もうだめだ……




葵はモテる。
とてつもなくモテる。
しかし彼女は困っている。
モテる相手が問題なのだ。
同性にモテる。ものすごく。
その容貌は性別に関係なく人目を集めるのだが、男に言い寄られる事はあまりない。
曰く、性格が鬼門なのだとか。
鑑賞するのにはうってつけであるが、近寄るのは御免だ。
騎士院の若い者共は皆口を揃えてそう言う。
彼女に同性愛の気がない事はよく知っているので、油断していた。
ライバルなど居ないとのんびりと構えていたのがいけなかったのだ。
その事を今この時に後悔する事になろうとは。
彼ら――アーク・ハリントンとリュート・ウィルソンは思わぬ伏兵の存在に全く気付いていなかったのである。



「おま、おま、お前……!!」
アークはあんぐりと口を開き、わなわなと指を指している。
リュートも似た様な表情で、ぼんやりとソレを眺めていた。
「何を見ている」
指を指された紅い髪をした男は、面倒臭げにたった一言そう呟いた。
場所は騎士院。
詳しく言えば葵の部屋。
更に言えば男はベットの上に座っており、その傍らには葵が無防備な格好でのんきに寝こけていた。
この状況で彼らがどんな考えに思い至ったのか、想像に難くはないだろう。
「……ていうか、貴方誰ですか」
リュートは相も変わらずぼんやりとしたままそう尋ねた。
……やや眼光は鋭い気もするが。
「そうだよ!!お前誰だ!!」
こちらはこちらで血気盛んである。
が、男はふん、と鼻を鳴らしただけで何も答えなかった。
「何とか言えよこの野郎!!」
「言葉を発せれば我に何か得があるのか」
「そういう問題じゃねえだろ!!お前葵に何かしたのか!?」
返答次第では使う事になるであろう腰の剣に手をやる。
「ちょ、ちょっとアーク!!落ち着きなよ!!」
「うるせぇ!!お前だって葵がこいつに何かされてたら許せるのか!?」
はた、とリュートの動きが止まる。
しばし考え、
「……無理、かな」
晴れやかな笑顔で言い放った。
「と、いう事で質問に答えろ!!」
が、またも男は答えず楽しそうに笑い、言った。
「何だ。ぬしら葵の事が好きなのか。物好きな奴等だ」
ぐっ、と言葉に詰まる2人。
それは彼らに言ってはならない一言だった。
自分達の関係を壊さない為の。
「どうだっていいだろう!!」
「よくないな」
「何故ですか?」
にやりと口の端を上げ、男がその質問に答えようとしたその時、
「……やかましいぞ」
むっくりと葵が起き出していた。
「何じゃ何じゃ。人が寝ておる横でやかましい」
「あ、葵!!こいつ誰だよ!?」
「む?何故アークとリュートがここに居るのじゃ?」
「起こしに来たんだよ。

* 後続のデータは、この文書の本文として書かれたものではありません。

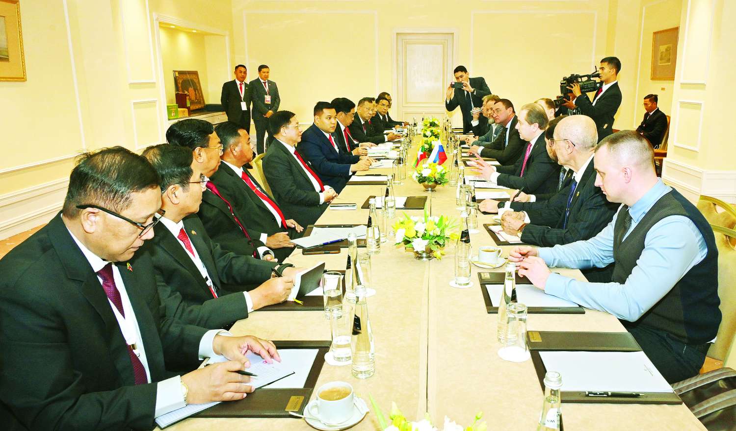 ထိုသို့တွေ့ဆုံရာတွင် ရုရှား-မြန်မာစီးပွားရေးကော်မရှင်၏ လုပ်ငန်းဆောင်ရွက်မှုအခြေအနေများ မြန်မာနိုင်ငံနှင့် ရုရှားနိုင်ငံတို့အကြား စိုက်ပျိုးရေးကဏ္ဍ ပူးပေါင်းဆောင်ရွက်မှုများ ဖွံ့ဖြိုးတိုးတက်ရေးကိစ္စရပ်များ၊ မြန်မာနိုင်ငံတွင်စိုက်ပျိုးဖြစ်ထွန်းသည့် ဖရဲသီး၊ သရက်သီးစသည့် အသီးအနှံများအား ရုရှားနိုင်ငံသို့ တင်ပို့နိုင်သည့်အခြေအနေများ၊ စွန့်ပစ်အမှိုက်များအား Recycle ဖြင့် ပြန်လည်အသုံးပြုနိုင်ရေးကိစ္စရပ်များ၊ အာကာသနှင့် နည်းပညာပူးပေါင်းဆောင်ရွက်ရေးဆိုင်ရာ ကိစ္စရပ်များနှင့် အခြားနှစ်နိုင်ငံအကြား စီးပွားရေးပူးပေါင်းဆောင်ရွက်မှုများနှင့်ပတ်သက်၍ ရင်းရင်းနှီးနှီးဆွေးနွေးခဲ့ကြသည်။

それよりこいつ誰だ!!」
ふぁ、と欠伸をすると質問に答えた。
「紅丸じゃ」
「べにまるぅ?」
「誰、それ」
「ほれ、前に話したであろう?私が探しておった刀だ」
そんな事も聞いた気がする。
聞いた気もするが。
「……そいつ人間じゃん」
「人ではない。妖だ」
さっぱり分からない。
「探してたのは刀なんだよね」
「ああ」
「でもその人は人間だよね」
「だから妖だと言うに」
堂々巡り。
「……だからぁ!!何で刀が人なんだよ!!」
「こやつは刀であり妖なのだ」
「…………」
頭を抱えるアークに、どうしたものかと考え込むリュート。
と、
「頭の悪い奴等よのう」
紅丸が呆れた様に言い放つ。
「というか紅丸。何故お主がここに居る」
「急に暇になったから来た」
「お主が暇になるワケがなかろう!!大方勝手に抜け出してきたのだろう!?とっとと帰れ!迷惑を被るのはソロイ殿なのだぞ!!」
何故そこにソロイが出てくるのだろうか。
首を傾げるアークとリュートに葵が言った。
「お主らも出て行け。着替える」


「…………」
「…………」
「…………」
沈黙が降り立つ。
アークは紅丸を睨み付け、リュートは困った様に立ちすくみ、紅丸はそんな2人を意に介さぬ様子で腕を組みいつもの様に無表情でつっ立っていた。
「……そういえば、さっきは何を言おうとしてたんですか?」
その場を取り繕う様にリュートが尋ねる。
何も答えないだろうと予想していた。
そして予想通りの行動と、予想だにしなかった行動を一緒にした。
「へ?」
何も答えず、その場から駆け出したのだ。
「ちょ……っ!!待てよ!!」
追いかけた先には、
「げ!!!」
何故かソロイが居た。
「な、何でソロイ様がここに……」
ソロイは答えない。
「あの、ここに紅い髪をした男の人が来ませんでしたか?」
「来てないな」
首を傾げる。
確かにここに走っていったのに。
「お前達はまたサボっていたのか」
アークと一緒にされるのは心外だとリュートは思ったが、口には出さなかった。
「いや、そういうワケじゃないんですけど」
「すいません、すぐに戻りますから」
そう言うと、首を傾げながらその場を離れていった。


口元を歪める。
そこにソロイの姿は無く、居たのは紅丸だった。
おもしろいことになったと思う。
先ほどの答えを言った。
「我も葵の事が好きだからだ」
ただ彼らのそれとは違い、例えるなら娘や妹、そういう存在に向けられる思いに似ていたのだけれど。


果たして異界の姫を手に入れるのは、誰?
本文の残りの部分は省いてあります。